→ Data records
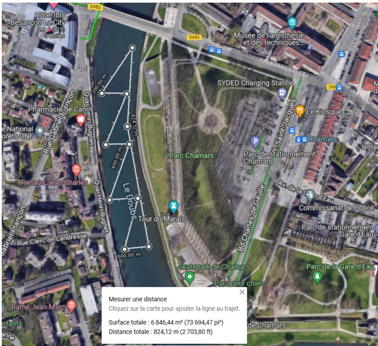
Fig 3 : Détails du parcours de la Doubs Paddle Race Slalom de type Technical Race TR (2.5 km)

Départ en ligne, Montée directe vers bouée 1, puis slalom en descendant, remontée, 3 tours :
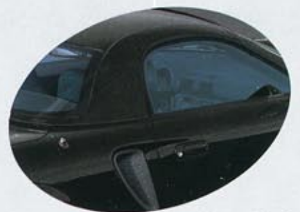
202 Astral Black Svart/Grå eller Svart/Röd interiör

För färgkombinationer gällande klädslar/lacker, ta kontakt med närmaste Toyota återförsäljare.
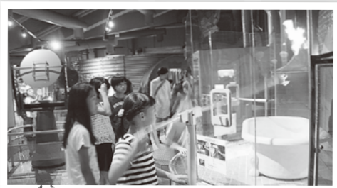
炎を使って泡を消すゲームにチャレンジ!

最後に、どのロボットが一番活躍したか参加者の拍手で決定。皆様が笑顔で拍手をおくり、とても小さくながらも能力を発揮したミクラーがコンテストに優勝しました。楽しく館内を見学した後、広さ約73万㎡という広大な工場内もバスで一周でき、地球環境やエネルギーについて好奇心の広がる夏休みとなりました。

→ Activity
Go to the line that contains "202 Astral Black" and copy exactly from there through the last line of the records above, both included. Omit pictures.

→ The answer
202 Astral Black Svart/Grå eller Svart/Röd interiör

För färgkombinationer gällande klädslar/lacker, ta kontakt med närmaste Toyota återförsäljare.
炎を使って泡を消すゲームにチャレンジ!

最後に、どのロボットが一番活躍したか参加者の拍手で決定。皆様が笑顔で拍手をおくり、とても小さくながらも能力を発揮したミクラーがコンテストに優勝しました。楽しく館内を見学した後、広さ約73万㎡という広大な工場内もバスで一周でき、地球環境やエネルギーについて好奇心の広がる夏休みとなりました。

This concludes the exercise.